There’s a lot going on in those practice test score reports! ManhattanPrep offers a great Practice Test Tracker & Analysis Tool that’s available through our
Free GMAT Starter Kit.
Our Practice Test Analysis Tool emphasizes some key priorities when reviewing your practice tests:
- Analyze your timing. Keep in mind that with standard time, the benchmark for Quant problems is two minutes. Use the detailed, question-by-question report to categorize your problems based on whether you were well over time, right on time, or well under time. Look at the cost and benefit of those decisions. Is going under time causing you to make careless mistakes? Is going over time resulting in a rush at the end of the test? Our guided analysis will help you identify problematic patterns in your timing and determine the best remedies.

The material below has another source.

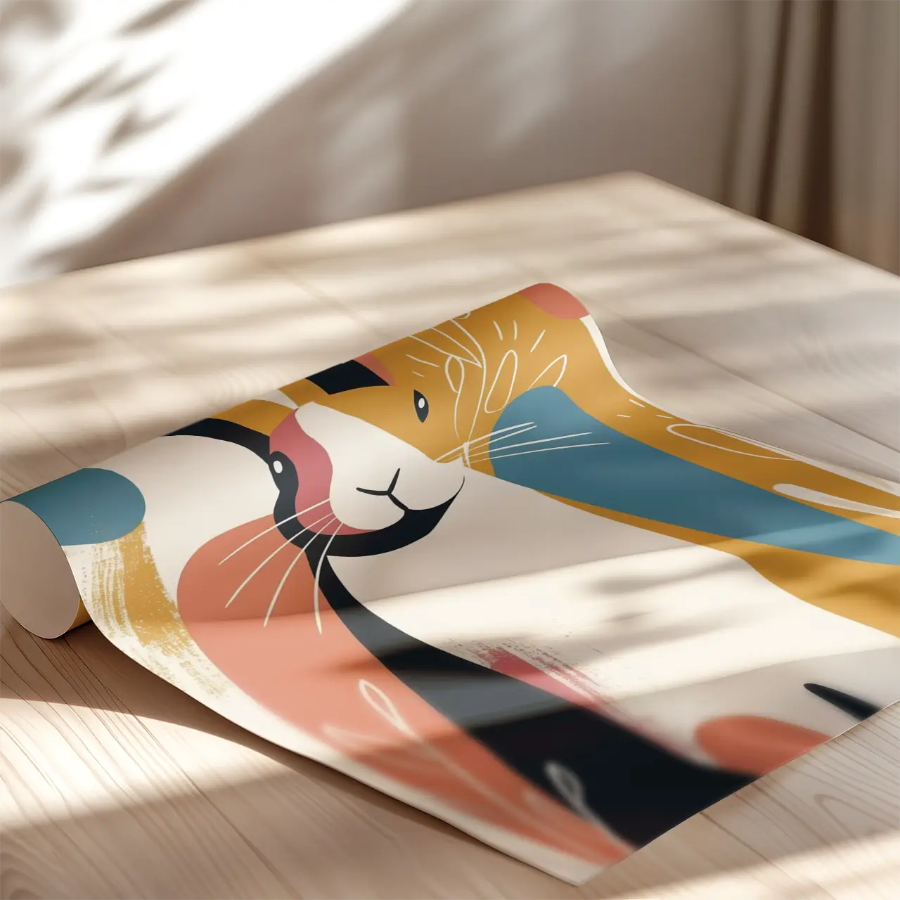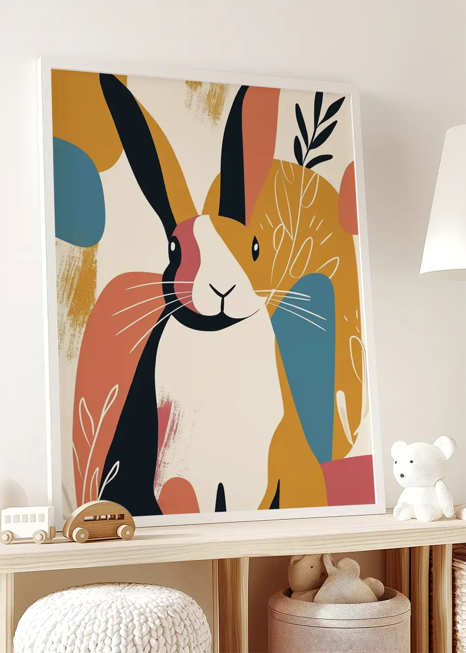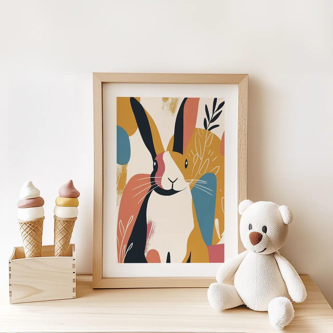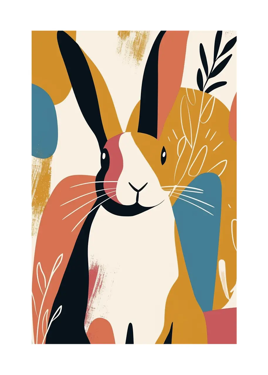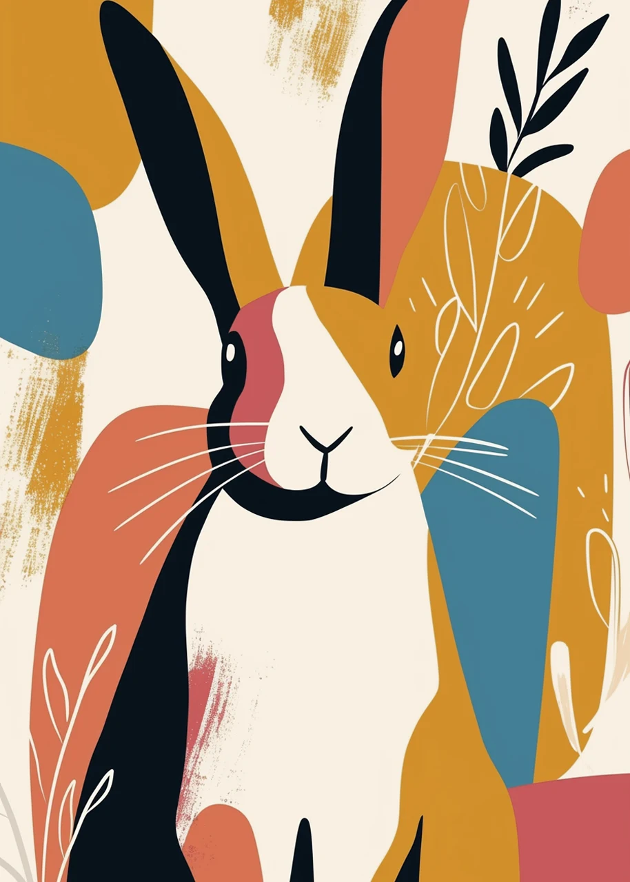 Pastelowy plakat z zającem na abstrakcyjnym tle

- Categorize your errors (and successes). Unfortunately, even the analytics produced by your score report can’t tell you why you missed certain problems — and that’s the key data that will help you improve. Review each problem on your test, categorizing misses based on whether you made a content, strategy, or execution error. If a problem still doesn’t make sense upon review, note it as something you may want to intentionally skip next time. For questions you got right, note whether they were lucky guesses or demonstrations of your content knowledge. This will help you refine your study plan to prioritize what you’re actually struggling with, beyond the broad topics generated by the score report.
- Look for major performance differences. Are you performing over 15 percentile points worse in one content area than another? How about real versus pure context math? Cross-reference those distinctions with your question-by-question review to see if there might be an area where you need to rebuild foundations.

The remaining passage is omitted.